A recent housekeeper was amazed that I could sew better than she could.  I was even amazed, although I shouldn’t be.  Females of my class and culture were educated with a significant bias towards gender in the 1950s, 60s, and 70s. 

And to think I used to get, sometimes, bent out of shape when learning these skills.  I remember vividly that we three sisters had to rotate washing the dinner dishes while my brother was exempt.  I remember confronting my mother over Matthew’s exemption from dishwashing.

“Why doesn’t Matthew have to wash dishes?”

“He’s a boy.” 

My mother was right out there with her sexism.  She even harshly scolded me at age 16 for pumping gas at a near-by gas station.

“You were seen in broad daylight pumping gas!  A lady does not pump gas.” 

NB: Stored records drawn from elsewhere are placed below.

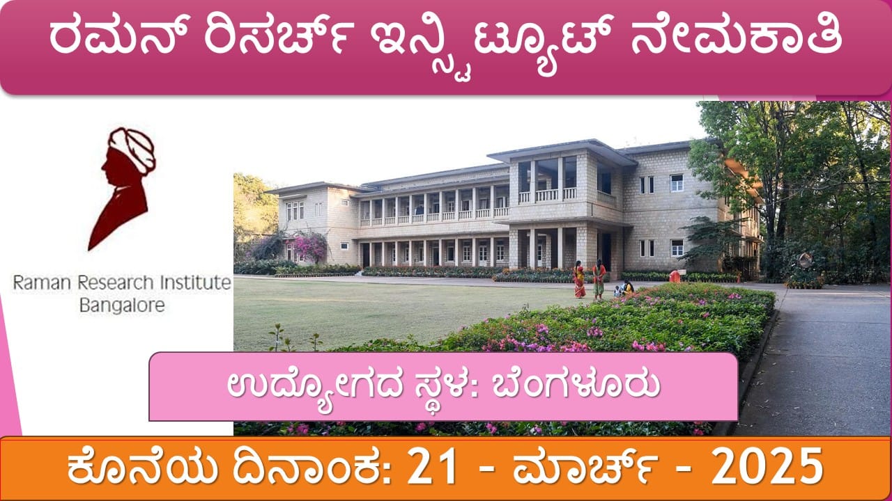 RRI ನೇಮಕಾತಿ 2025: ರಾಮನ್ ರಿಸರ್ಚ್ ಇನ್ಸ್ಟಿಟ್ಯೂಟ್ (RRI) 02 ರಿಸರ್ಚ್ ಅಸಿಸ್ಟೆಂಟ್ ಹುದ್ದೆಗಳಿಗಾಗಿ ಅರ್ಜಿ ಆಹ್ವಾನಿಸಿದೆ. 2025 ರ ಫೆಬ್ರವರಿ ತಿಂಗಳಲ್ಲಿ ಪ್ರಕಟವಾದ ಈ ಅಧಿಸೂಚನೆಯಲ್ಲಿ,
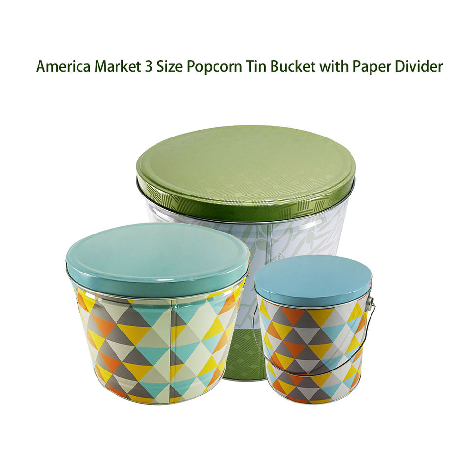1 galón 2 galones y 3,5 galones America Market Cubo de metal Gourmet Palomitas de maíz Lata
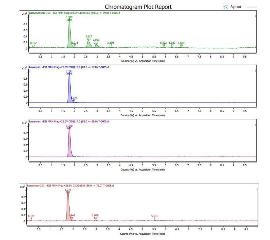 液質聯用方法:與 GB 5009.291-202 標準中,5.4.1 中的流動相一致,5.4.2 的質譜條件一致。
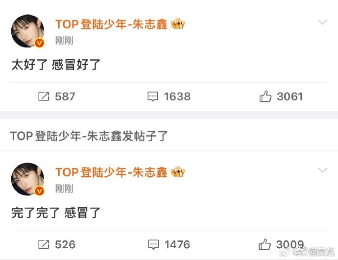 朱志鑫感冒好的好快朱志鑫上一秒感冒下一秒好了 朱志鑫感冒好的好快,有1分钟吗
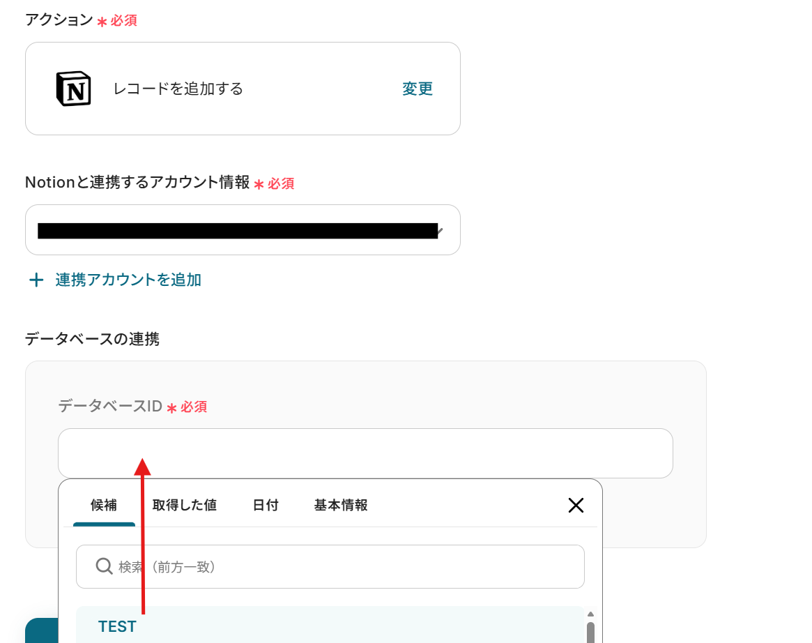 データベースIDは候補から先ほど作成したものを選択します。

However, I found the Feminine Mystique by Betty Friedan in my parents’ library and I secretly wrested it off the shelf and read it with a flashlight under the covers of my bed.  Years later when she was in her 70s, I confronted my mother with all this information and she got embarrassed. 

She’d become quite liberated by then.  She came to pump her own gas and I caught her one day fixing the spring on her garage door. 

In college, I did some studies on the Middle Ages.  I was fascinated by feudal society plus the terrifying tragedy of the bubonic plague. 

The plague killed one-third of Europe, meaning 25 million people.  That could happen to us today with the coronavirus, although people are very reluctant to believe it.

In my lifetime, we in our greater society have never experienced anything like a pandemic and a plague.  The Middle Ages has seemed so long ago; so way far in the past.  Primitive.  

I thought of it as almost the Stone Ages, something we moderns with our advanced technology and powerful field of medicine could never be touched by.

But it’s here.  We could be wiped out.  We could die.  We are mere mortals; even today in the year of our Lord 2020.

The plague was eradicated in the fourteenth century as a pandemic through quarantining.  Boundaries were drawn, and people inside a quarantine did not step outside the lines and vice versa.  Outsiders brought food and goods to the boundaries and coins were placed generally on rocks as payment.

We are using these same strategies today.  So, get your mask on.  Shelter in place.  Work hard from home.  Exercise social distancing.  And pray.